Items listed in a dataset
============================================================
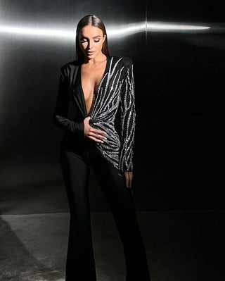 Sexy Deep V-Neck Rhinestone Flared Jumpsuit - Slim Fit Long Sleeve
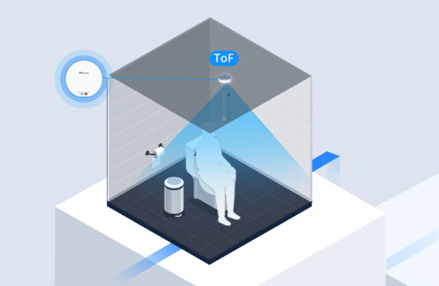 星纵物联VS330卫生间占用传感器创新性地融合了ToF(Time-of-Flight)主动红外测距和PIR人体红外感应两种检测技术,不仅解决了传统方案中静态人体无法识别的问题,还有效降低了功耗。双技术相辅相成,大大提高了设备的检测准确率。
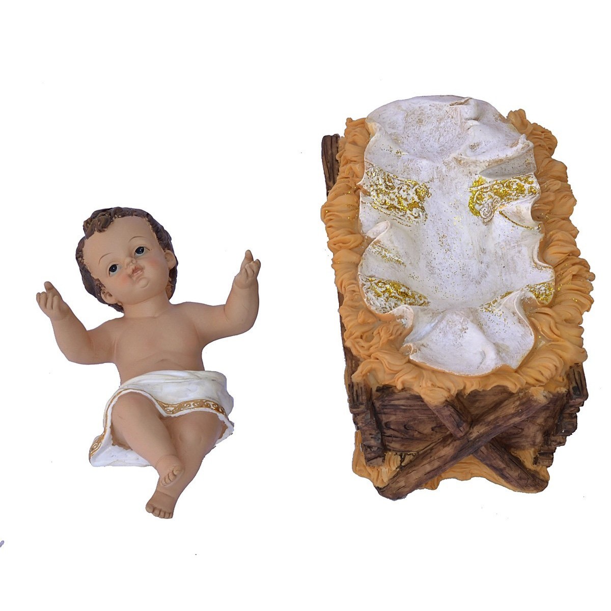 Natività 3 personaggi serie 60 cm in resina dipinta a mano, le statue sono così composte: San Giuseppe con bastone e lanterna , Maria inginocchiata, Gesù bambino rimovibile dalla culla.
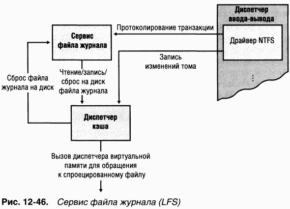 NTFS никогда не выполняет чтение/запись транзакций в журнал напрямую. LFS предоставляет сервисы, которые NTFS вызывает для открытия файла журнала, помещения в него записей, чтения записей из журнала в прямом и обратном порядке, сброса записей журнала до заданного LSN или установки логического начала журнала на больший LSN. B процессе восстановления NTFS вызывает LFS для чтения записей журнала в прямом направлении, чтобы повторить все транзакции, которые запротоколированы в журнале, но не записаны на диск в момент сбоя. NTFS также обращается к LFS для чтения записей в обратном направлении, чтобы отменить (или откатить) все транзакции, не полностью запротоколированные перед аварией системы, и установить начало файла журнала на запись с большим LSN после того, как старые записи журнала стали не нужны.
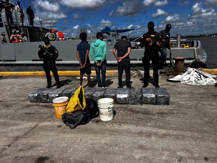 En una intensa persecución por aire, mar y tierra, las autoridades incautaron 300 paquetes de cocaína SPM, a dos dominicanos y un colombiano
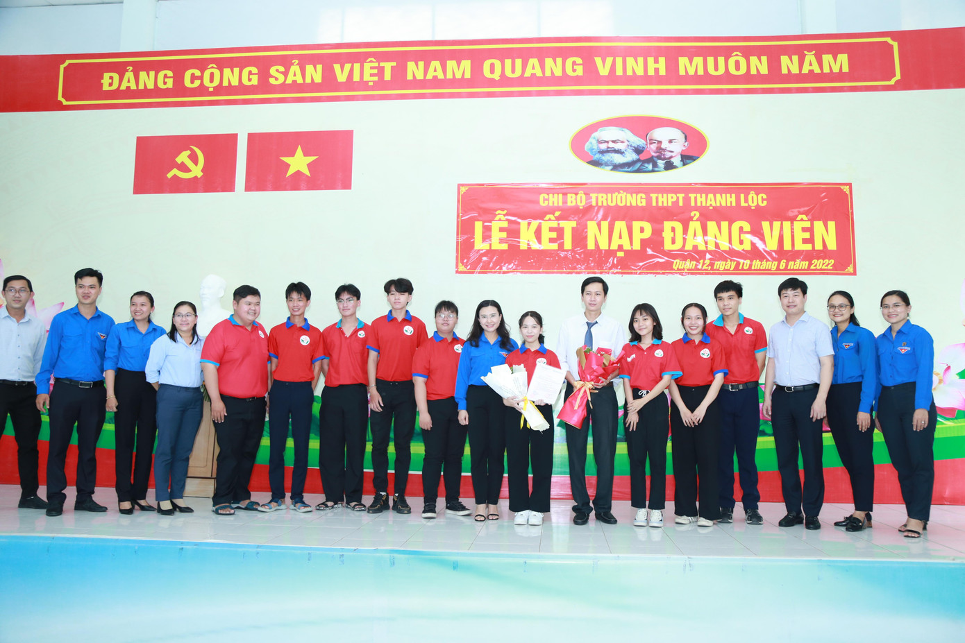 Chiều 10/6, Chi bộ Trường THPT Thạnh Lộc (quận 12, TPHCM) tổ chức lễ kết nạp Đảng viên đối với hai quần chúng Đào Công Toàn và Nguyễn Thùy Trang.
============================================================
◆ Assigned task ◆
Output the records above in their entirety and exactly, leaving out all images.

◆ Exercise output ◆
 Sexy Deep V-Neck Rhinestone Flared Jumpsuit - Slim Fit Long Sleeve
 星纵物联VS330卫生间占用传感器创新性地融合了ToF(Time-of-Flight)主动红外测距和PIR人体红外感应两种检测技术,不仅解决了传统方案中静态人体无法识别的问题,还有效降低了功耗。双技术相辅相成,大大提高了设备的检测准确率。
 Natività 3 personaggi serie 60 cm in resina dipinta a mano, le statue sono così composte: San Giuseppe con bastone e lanterna , Maria inginocchiata, Gesù bambino rimovibile dalla culla.
 NTFS никогда не выполняет чтение/запись транзакций в журнал напрямую. LFS предоставляет сервисы, которые NTFS вызывает для открытия файла журнала, помещения в него записей, чтения записей из журнала в прямом и обратном порядке, сброса записей журнала до заданного LSN или установки логического начала журнала на больший LSN. B процессе восстановления NTFS вызывает LFS для чтения записей журнала в прямом направлении, чтобы повторить все транзакции, которые запротоколированы в журнале, но не записаны на диск в момент сбоя. NTFS также обращается к LFS для чтения записей в обратном направлении, чтобы отменить (или откатить) все транзакции, не полностью запротоколированные перед аварией системы, и установить начало файла журнала на запись с большим LSN после того, как старые записи журнала стали не нужны.
 En una intensa persecución por aire, mar y tierra, las autoridades incautaron 300 paquetes de cocaína SPM, a dos dominicanos y un colombiano
 Chiều 10/6, Chi bộ Trường THPT Thạnh Lộc (quận 12, TPHCM) tổ chức lễ kết nạp Đảng viên đối với hai quần chúng Đào Công Toàn và Nguyễn Thùy Trang.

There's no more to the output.